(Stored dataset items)
============================================================

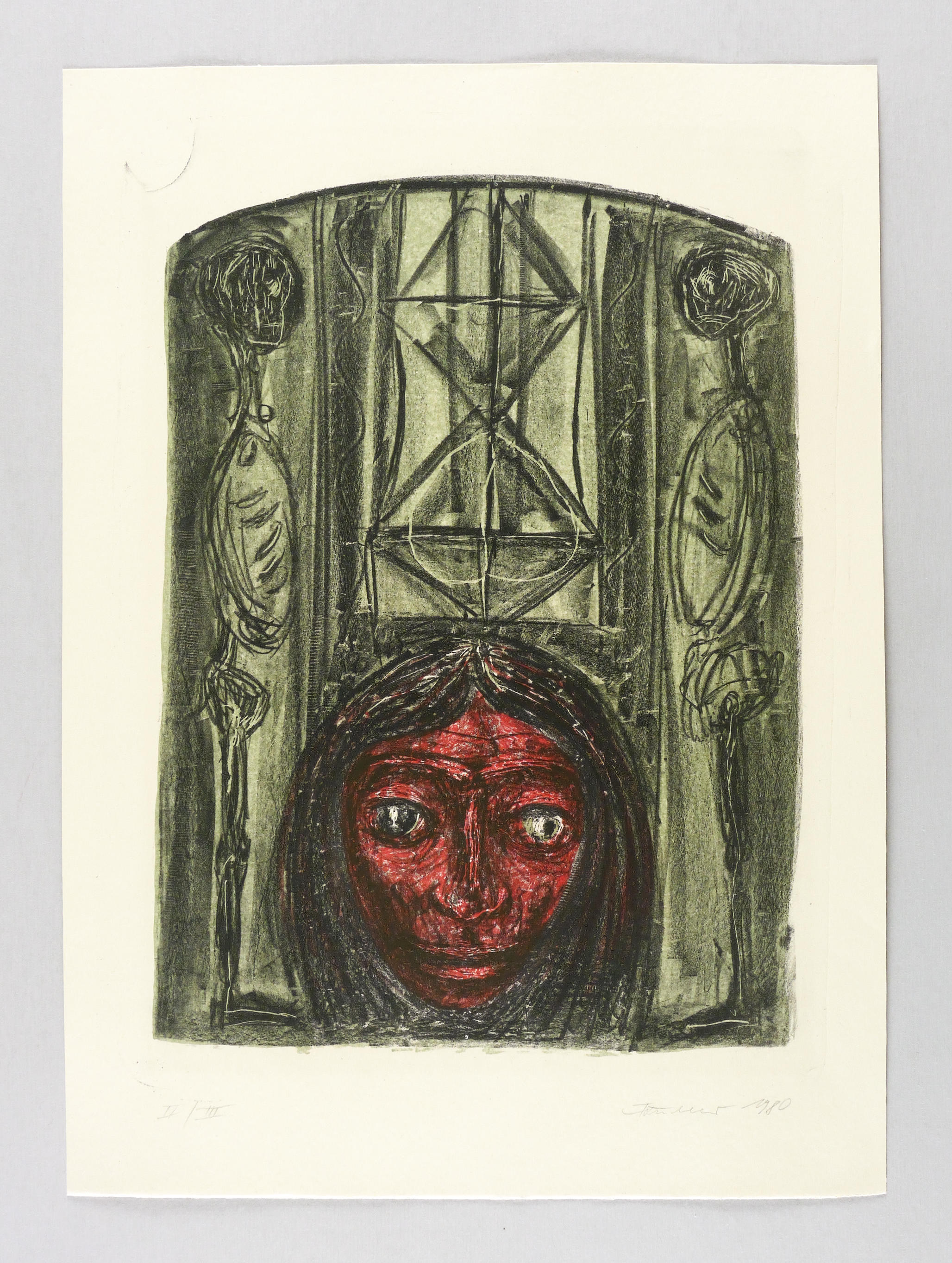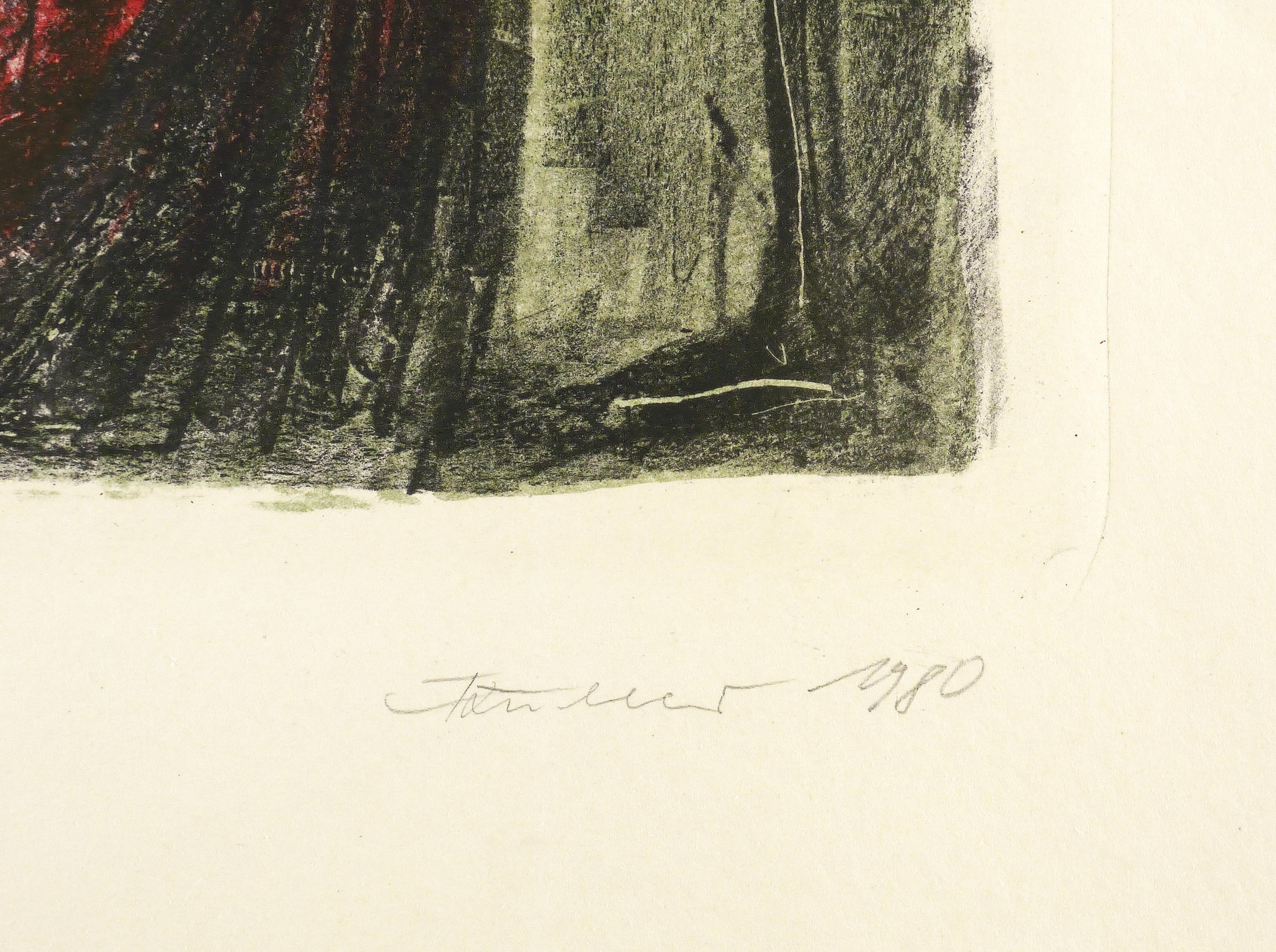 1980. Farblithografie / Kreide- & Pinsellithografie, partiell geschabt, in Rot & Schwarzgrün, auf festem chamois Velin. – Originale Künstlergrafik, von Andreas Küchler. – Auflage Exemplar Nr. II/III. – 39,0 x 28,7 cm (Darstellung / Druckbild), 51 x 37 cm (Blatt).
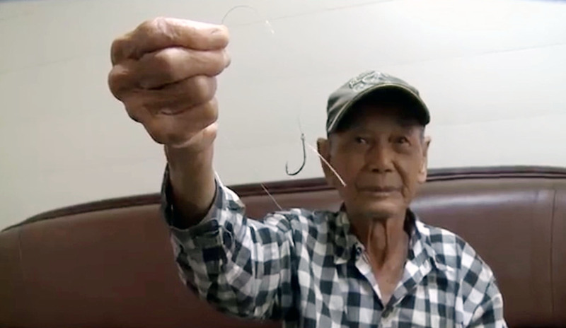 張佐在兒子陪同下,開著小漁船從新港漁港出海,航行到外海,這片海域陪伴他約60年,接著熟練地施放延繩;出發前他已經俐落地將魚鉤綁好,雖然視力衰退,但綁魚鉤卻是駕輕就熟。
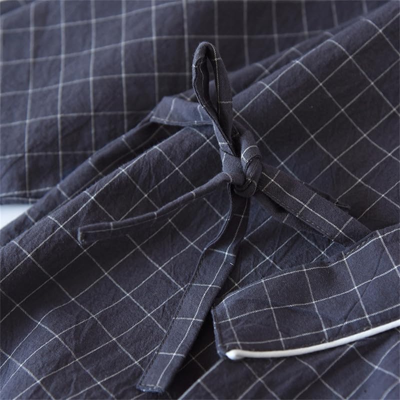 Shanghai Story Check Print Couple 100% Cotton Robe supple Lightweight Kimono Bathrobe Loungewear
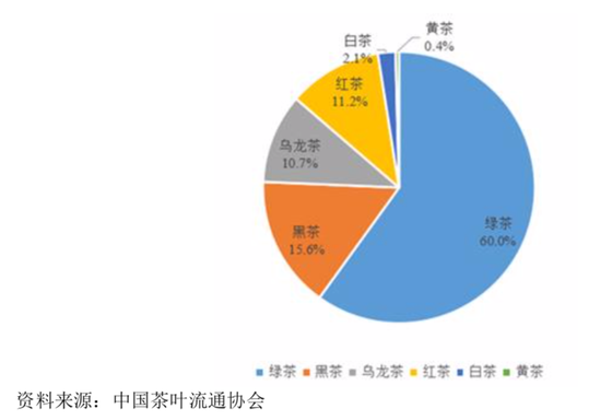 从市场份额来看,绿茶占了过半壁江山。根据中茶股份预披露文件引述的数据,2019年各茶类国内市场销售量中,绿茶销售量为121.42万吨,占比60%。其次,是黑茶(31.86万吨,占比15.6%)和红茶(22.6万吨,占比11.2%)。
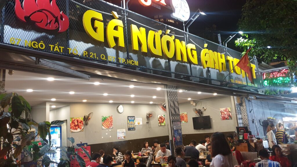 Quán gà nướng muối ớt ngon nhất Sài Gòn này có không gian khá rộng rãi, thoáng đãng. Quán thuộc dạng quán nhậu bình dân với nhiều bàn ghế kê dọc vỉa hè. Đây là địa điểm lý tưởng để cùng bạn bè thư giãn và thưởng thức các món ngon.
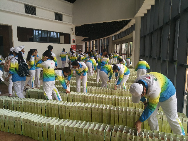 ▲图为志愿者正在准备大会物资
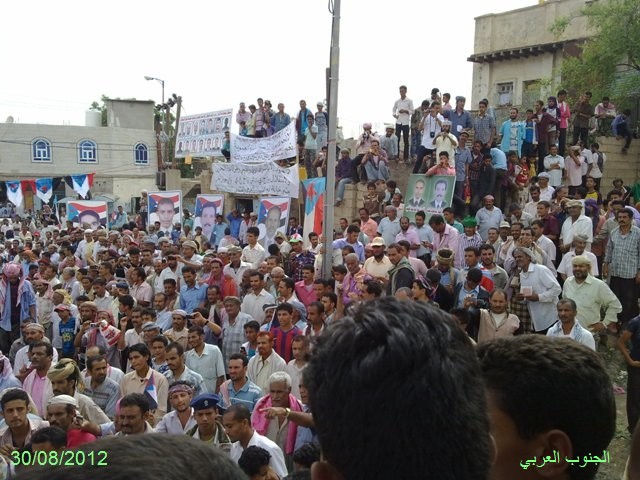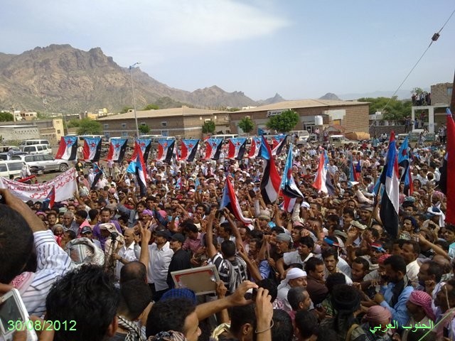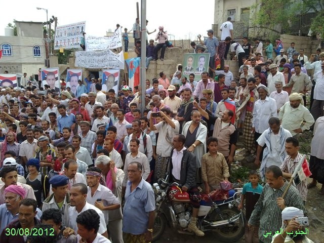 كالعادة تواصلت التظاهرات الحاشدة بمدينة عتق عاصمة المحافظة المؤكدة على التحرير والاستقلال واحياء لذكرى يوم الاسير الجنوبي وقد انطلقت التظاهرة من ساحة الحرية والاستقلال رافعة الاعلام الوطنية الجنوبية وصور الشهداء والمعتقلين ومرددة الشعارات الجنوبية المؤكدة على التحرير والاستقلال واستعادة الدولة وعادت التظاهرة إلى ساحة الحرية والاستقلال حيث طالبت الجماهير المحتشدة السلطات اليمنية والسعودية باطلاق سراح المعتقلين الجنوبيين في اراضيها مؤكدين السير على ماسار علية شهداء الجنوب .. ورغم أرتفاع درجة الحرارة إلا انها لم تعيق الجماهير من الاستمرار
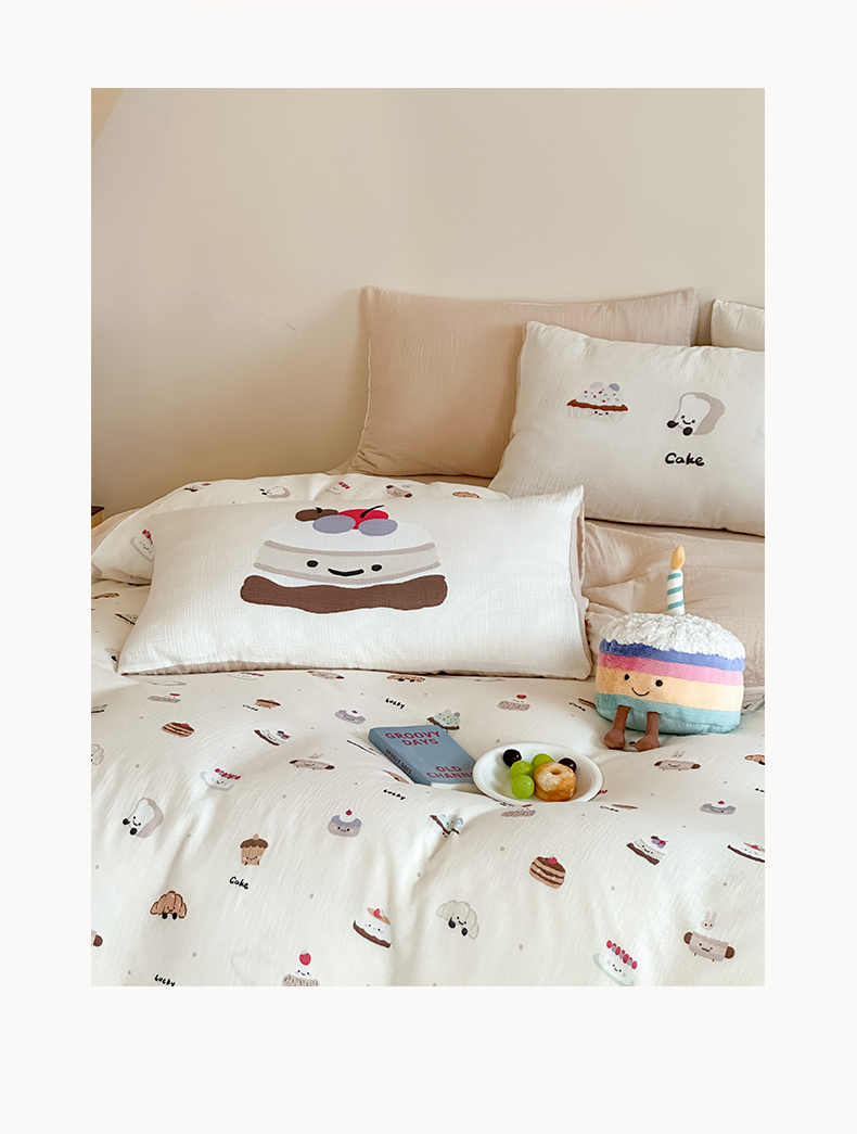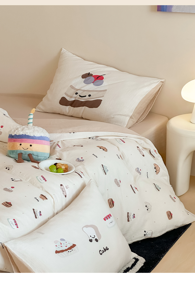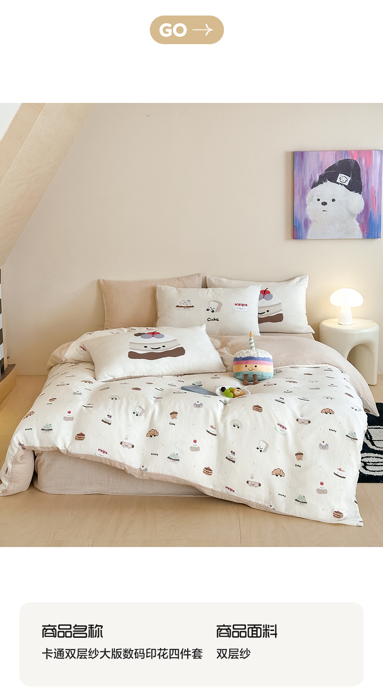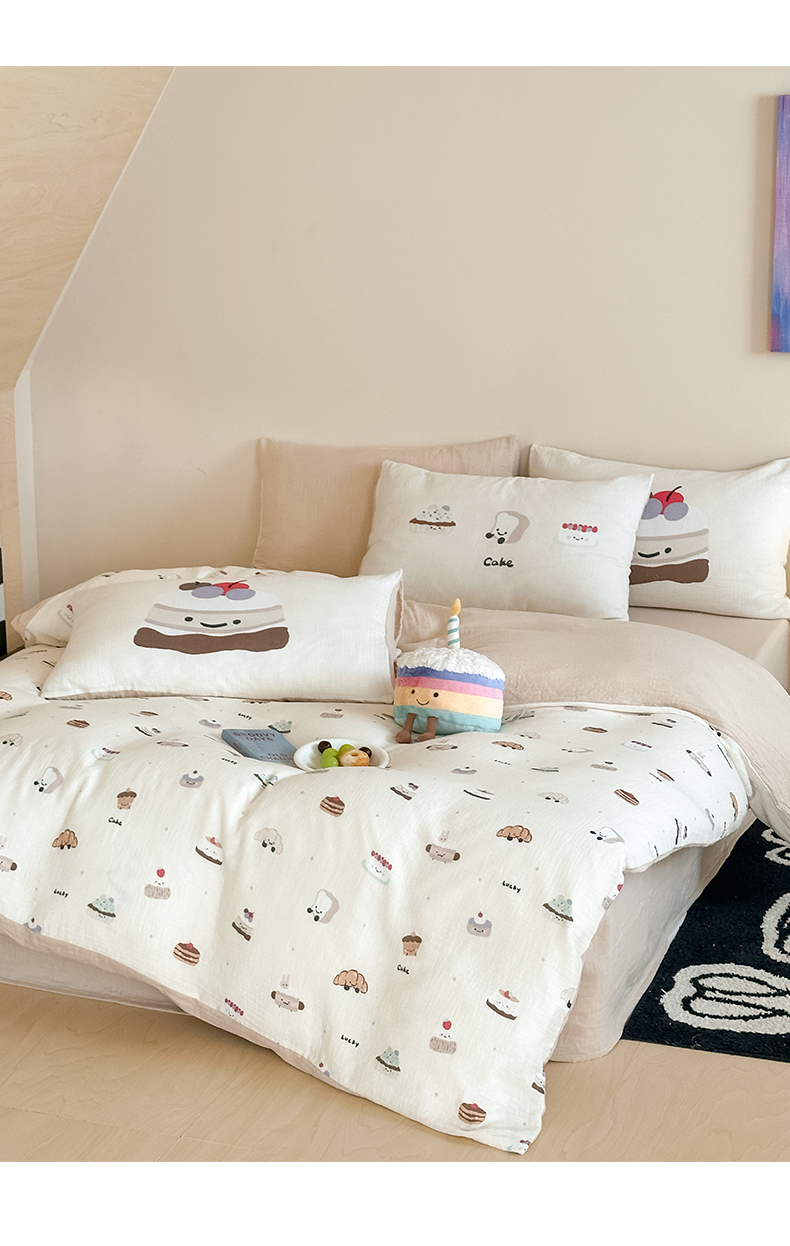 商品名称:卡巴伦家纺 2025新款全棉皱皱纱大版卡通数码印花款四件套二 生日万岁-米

============================================================

**Task prompt:**
Extract, word for word, every line from the one holding "كالعادة تواصلت التظاهرات" through the closing line of the data above. Do not include any pictures.

**Solution for this problem:**
 كالعادة تواصلت التظاهرات الحاشدة بمدينة عتق عاصمة المحافظة المؤكدة على التحرير والاستقلال واحياء لذكرى يوم الاسير الجنوبي وقد انطلقت التظاهرة من ساحة الحرية والاستقلال رافعة الاعلام الوطنية الجنوبية وصور الشهداء والمعتقلين ومرددة الشعارات الجنوبية المؤكدة على التحرير والاستقلال واستعادة الدولة وعادت التظاهرة إلى ساحة الحرية والاستقلال حيث طالبت الجماهير المحتشدة السلطات اليمنية والسعودية باطلاق سراح المعتقلين الجنوبيين في اراضيها مؤكدين السير على ماسار علية شهداء الجنوب .. ورغم أرتفاع درجة الحرارة إلا انها لم تعيق الجماهير من الاستمرار
 商品名称:卡巴伦家纺 2025新款全棉皱皱纱大版卡通数码印花款四件套二 生日万岁-米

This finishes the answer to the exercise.